Consideraciones finales
Es
difícil imaginar, a cincuenta años de distancia, lo que fueron esos meses
terribles. Los bombardeos de la aviación enemiga se abatían, sin
discriminación, sobre ciudades abiertas, donde la defensa antiaérea poco podía
hacer contra los aviones enemigos. Ignoramos si de manera deliberada, en lugar
de buscar puntos estratégicos, se atacaban sistemáticamente los barrios obreros
en las grandes aglomeraciones.
Y
que conste que la República nunca bombardeó ninguna ciudad de la zona ocupada
por Franco. Que conste, también, que la mayor parte de estos aviones asesinos
eran pilotados por aviadores alemanes e italianos.

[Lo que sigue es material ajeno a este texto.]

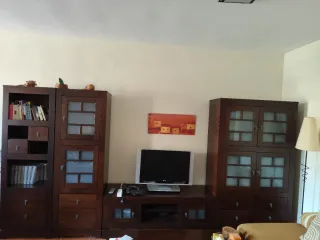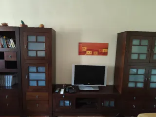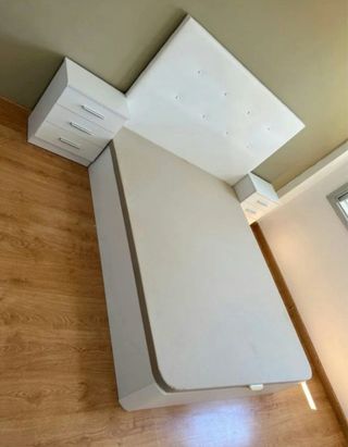 Conjunto de cabecero de madera con un diseño moderno y dos mesitas de noche a juego. - Cabecero con detalles lineales. - Mesitas de noche con enchufes integrados. Medidas: - Cabecero : 212 cm × 45cm × 3 cm grosor - 2 mesitas de noche: 48 cm ancho× 48cm alto × 36cm fondo -comoda: 98 cm ancho × 65 cm alto × 41 cm fondo.( Los dos primeros cajones, tendrías que cambiar las guías porque no cierran bien)

Es necesario evocar lo que
fue la matanza de niños y mujeres en muchas capitales para comprender el pánico
que se apoderara de las familias y que les hizo buscar desesperadamente un
refugio, una solución para salvar la vida de sus hijos.
Precisan
estas explicaciones para que la historia conozca las razones por las cuales
tanto el Ministerio de Sanidad y Asistencia Social como las familias tuvimos
que aceptar ofertas de Méjico y de la Unión Soviética, que se ofrecieron a
acoger niños españoles a fin de salvarlos de los peligros de la guerra.
Y
fue una labor ímproba, a cargo sobre todo de la OCEAR, la de reunir y dirigir,
primero sobre Valencia y luego sobre Barcelona, los miles de niños destinados a
salir de España, unos hacia Francia, otros hacia Méjico y otros hacia Rusia.
En
ningún momento se violentó la conciencia y la voluntad de las familias que
acompañaron a sus hijos hasta los puntos de embarque. Hago gracia de lo que
fue, casi siempre, el espectáculo desgarrador de estas separaciones. Pero en
todas y en todos había la angustia y la incertidumbre del mañana.
Personalmente,
he sentido siempre una pena inmensa diciéndome que, tanto nosotros como los
familiares, contribuimos, forzados por las circunstancias trágicas que se
vivían, a que muchos de estos niños jamás pudieran regresar a España y a que
muchos se perdieran en la vorágine de la guerra que se acercaba, sobre todo los
que fueron a Rusia. He procurado ser lo más objetiva posible y, aunque
sucintamente, destacar lo más esencial de lo que fue mi labor en el Ministerio
de Sanidad y Asistencia Social y de las realizaciones que me fue permitido
acometer en el corto lapso de tiempo de mi gestión. Sólo lamento no haber
podido hacer más y, sobre todo, no haber podido consolidar lo hecho. Éramos
ricos en imaginación y en grandiosidad. Pensábamos hacer mucho bien y el bien
que hicimos, pese a todo, es superior al mal que se nos ha atribuido. He
procurado también abstenerme de todo sentimiento de hostilidad y de toda dura
acusación contra los que, históricamente, tendrán siempre la responsabilidad de
la tragedia en la que España fue sumida. Cuarenta años de dictadura son muchos
años. Es útil que se recuerde ese pasado y que las generaciones actuales lo
conozcan y nos conozcan.
Federica
Montseny
Los médicos y la medicina en la Guerra Civil española.